Many college baseball coaches train their players to play a single position — but not Princeton head coach Scott Bradley. His lineup rarely looks the same two days in a row.
Two of the Tigers’ starting pitchers, Matt Bowman ’13 and Mike Ford ’14, play the infield when they are not on the mound. The team’s top hitter in nonconference play, Alec Keller ’14, splits his time almost evenly between second base and the outfield. Sam Mulroy ’12, one of the league’s best sluggers, plays the outfield or third base when he takes a break from catching.
The team’s unconventional strategy helped turn its fortunes around last season. After completing the 2010 season with a 12–30 record — and a dead-last finish in the Ivy League — the team defied expectations in 2011 with a 15–5 Ivy record and the conference title. This year, Princeton was 10–6 in the Ivy League as of April 23 — and 17–17 overall — but trailed Cornell in the race for the division title.
“We had a couple of years where we were a more lumbering team, but now we love versatility,” Bradley said. “We have players who are capable of playing in the middle of the diamond and the outfield.”

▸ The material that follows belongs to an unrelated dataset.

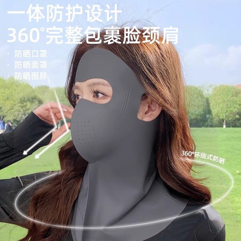 全脸防晒面罩脸基尼女防紫外线夏季冰丝遮脖子遮阳口罩护颈一体

The flexibility of Princeton’s roster is crucial in Ivy League play. To minimize time spent away from campus, the 20-game conference schedule is compressed into five weeks, featuring back-to-back doubleheaders every Saturday and Sunday. With players equipped to play different positions, Bradley keeps his players fresh — and has more options when he needs to relieve players — through those grueling weekends.
Bradley also has a wide variety of strategies to choose from, both before and during games. After Princeton won the first game of the 2011 Ivy League Championship Series — a time when many coaches would stick with what was working — Bradley inserted three new starters into the lineup and moved three others to different positions for the second game.
Another strength is the team’s pitching rotation. As of April 23, its pitchers were fifth in the league in the crucial measure of average earned runs given up per nine innings pitched. Ford and Bowman each threw a shutout this year, and Bowman was named the Ivy League player with the best chance to play professionally by Baseball America.
With players like Bowman and Ford — who can turn in standout performances in two positions — the team has shown that flexibility pays off.